A good Cairo crowd applauded the Litta opera company, calling for encores. The Bulletin lauded the fading star, if politely. Regardless, soon she died in Bloomington, reportedly for symptoms of neural degeneration, “chronic meningitis.” Opera queen Clara Louise Kellogg pledged benefit concerts to stall home foreclosure on the Von Elsners. Bloomington  residents raised thousands of dollars for a massive cemetery monument, declaring the genius and greatness of Litta in stone, rebuking her doubters to last.

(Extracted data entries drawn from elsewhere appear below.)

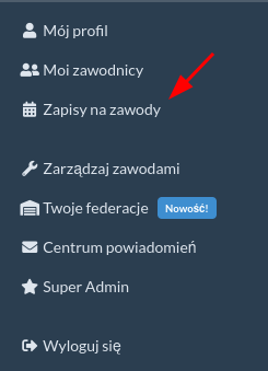 - W menu w prawym górnym rogu strony wybrać Zapisy na zawody.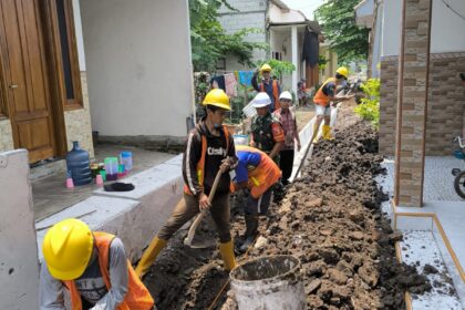 LCN – Pasuruan, – Anggota Koramil 0819/10 Bangil, Sertu Suprianto, Babinsa Kelurahan Kolursari, turut serta dalam kegiatan gotong-royong bersama warga RT 009 RW 002 Lingkungan Kolursari un...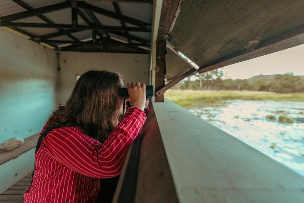 <This morning, enjoy breakfast and then drive to Kuranda – perched at the top of a mountain. Start with a visit to nearby Barron Falls lookout for the best photo spots, then head into town. You’ll have some time to explore this charming rainforest town and its surroundings at your own pace. Maybe check out the famous Kuranda Markets, or relax at one of the town’s many restaurants and cafes, where outdoor dining is one of the joys of the cooler mountain climate. This afternoon, visit the Tolga Bat Hospital – Australia’s largest bat rehabilitation facility. Here you’ll learn about the facility's research, advocacy and community education and make some new upside-down friends. Tonight, you’ll head to the Mareeba Wetlands for an exciting wildlife spotting experience at sunset, hosted by Forever Wild – an organisation that creates community and nature-based solutions to the climate and biodiversity crises.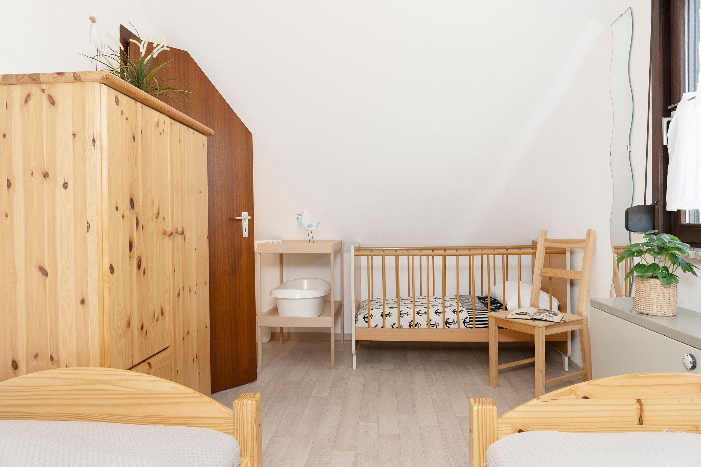 Schlafzimmer 2: 2 Einzelbetten (je 2x 90x200 cm), Babybett, Kleiderschrank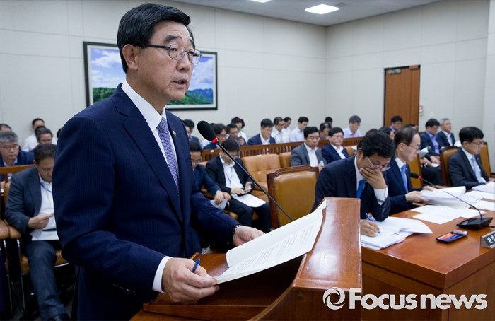 (서울=포커스뉴스) 11일 오후 서울 여의도 국회에서 열린 환경노동위원회 전체회의에 참석한 이기권 고용노동부 장관이 현안보고를 하고 있다.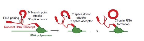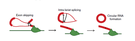 在可变剪切过程中,外显子发生跳跃,形成了套索结构,拉近了剪切位点序列之间的距离,最后通过剪切,形成环状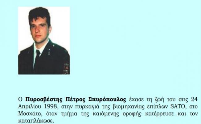 Ο Αρχιπυροσβέστης Σπυρόπουλος Πέτρος, στις 24 Απριλίου 1998 έχασε την ζωή του στο Μοσχάτο, αντιμέτωπος με τις φλόγες σε πυρκαγιά βιομηχανίας επίπλων.

In retrospect, Marie Von Elsner may have been better off in popular music, playing right at home, the American West. As she died young, variety song and dance swept the nation despite haughty elitists fixed on European convention. Perhaps the statuesque Von Elsner would’ve preferred frontier opera houses and riverboats, playing banjo, singing dance songs, flashing blonde tresses and pink stockings, hot steps, just showing off. Maybe she was never asked or felt right discussing it, either way.

Because Marie Von Elsner would’ve only been normal, gravitating to popular song and dance as a precocious young American. Girls and boys everywhere were pouring into variety entertainment, consuming, learning and performing.

In the northern delta of Cairo and southeast Missouri, the talent pool was exceptionally strong. Homegrown musicians of every focus were headed upward, the region’s first showbiz generation, laying path for more to come. And they could keep their own names.

Writer and consultant Matt Chaney is compiling a book on historical song and dance, tentatively titled From River Music to Rock in the Missouri Delta. For more information see the ChaneysBlog page “Music History and Legend of the Missouri Delta.” For information on Chaney’s previous books, visit www.fourwallspublishing.com.  Email: mattchaney@fourwallspublishing.com.

Select References

A Familiar Legend. (1874, June 27). Hickman Courier KY, p. 1.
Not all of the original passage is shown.